"""

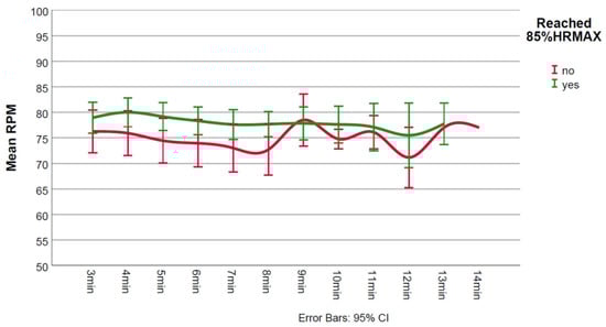 While mean predicted 85%HRmax was not too dissimilar for non-achievers and achievers (147 vs. 152 bpm, respectively, Table 1), on average non-achievers reached 84% (124 bpm) of their predicted 85%HRmax. Non-achievers seemed to experience higher intensity of perceived exertion during the test as evidenced by higher maximum Borg scores. Judging by the lack of overlap between 95% CIs, it appeared that lower mean Borg scores were present in achievers during minutes 5 and 6 (Figure 1). Specifically, baseline SpO2% values were normal and there were no significant desaturations (≥3%) during exercise in any of the two groups (Figure 2). Mean minute-by-minute rpm did not seem different between groups (Figure 3).
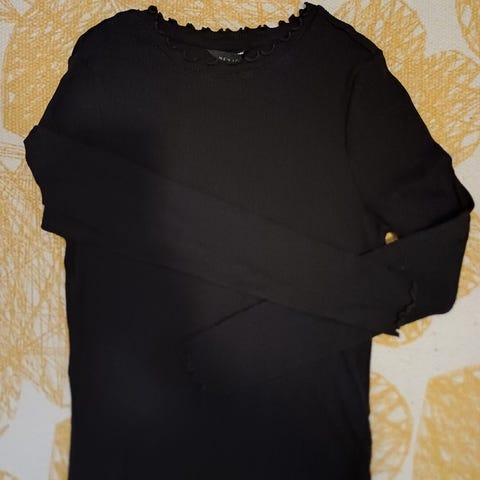 Nosh musta lyhythihainen ribbipaita, kokomerkintä L, mutta vastaa mielestäni S- tai M-kokoa. Leveä ribbineulos. Kainalo-kainalo venyttämättä 35 cm, mutta venyy. Olka-helma 62 cm. Voi olla hieman haalistunut, siisti kuitenkin.
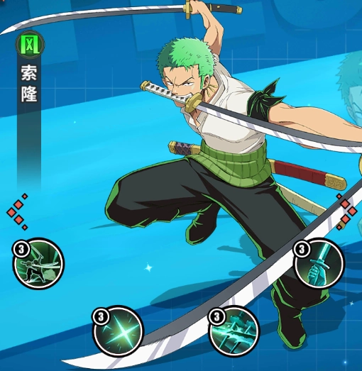 主动技能:千八十烦恼风。在未佩刀的状态下,索隆借助气流与武装色霸气发起攻击,会对敌方后排的随机两个目标造成208%的物理伤害,同时有60%的概率施加法术禁锢效果。如果目标是法师职业,该次攻击的伤害还将提升30%。
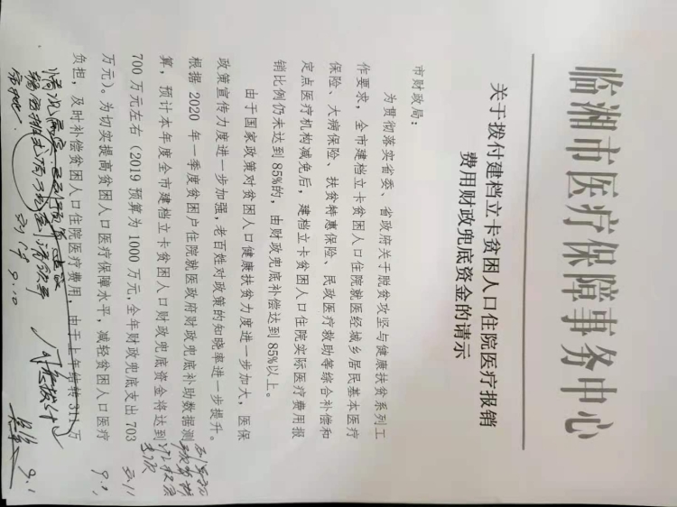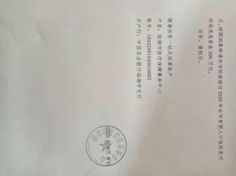 临湘市2020年县级扶贫资金(健康扶贫3)

"""

PROBLEM TO WORK ON -> Set down each line of the material exactly and skip every image.

RESPONSE TO THE EXERCISE ->
 While mean predicted 85%HRmax was not too dissimilar for non-achievers and achievers (147 vs. 152 bpm, respectively, Table 1), on average non-achievers reached 84% (124 bpm) of their predicted 85%HRmax. Non-achievers seemed to experience higher intensity of perceived exertion during the test as evidenced by higher maximum Borg scores. Judging by the lack of overlap between 95% CIs, it appeared that lower mean Borg scores were present in achievers during minutes 5 and 6 (Figure 1). Specifically, baseline SpO2% values were normal and there were no significant desaturations (≥3%) during exercise in any of the two groups (Figure 2). Mean minute-by-minute rpm did not seem different between groups (Figure 3).
 Nosh musta lyhythihainen ribbipaita, kokomerkintä L, mutta vastaa mielestäni S- tai M-kokoa. Leveä ribbineulos. Kainalo-kainalo venyttämättä 35 cm, mutta venyy. Olka-helma 62 cm. Voi olla hieman haalistunut, siisti kuitenkin.
 主动技能:千八十烦恼风。在未佩刀的状态下,索隆借助气流与武装色霸气发起攻击,会对敌方后排的随机两个目标造成208%的物理伤害,同时有60%的概率施加法术禁锢效果。如果目标是法师职业,该次攻击的伤害还将提升30%。
 临湘市2020年县级扶贫资金(健康扶贫3)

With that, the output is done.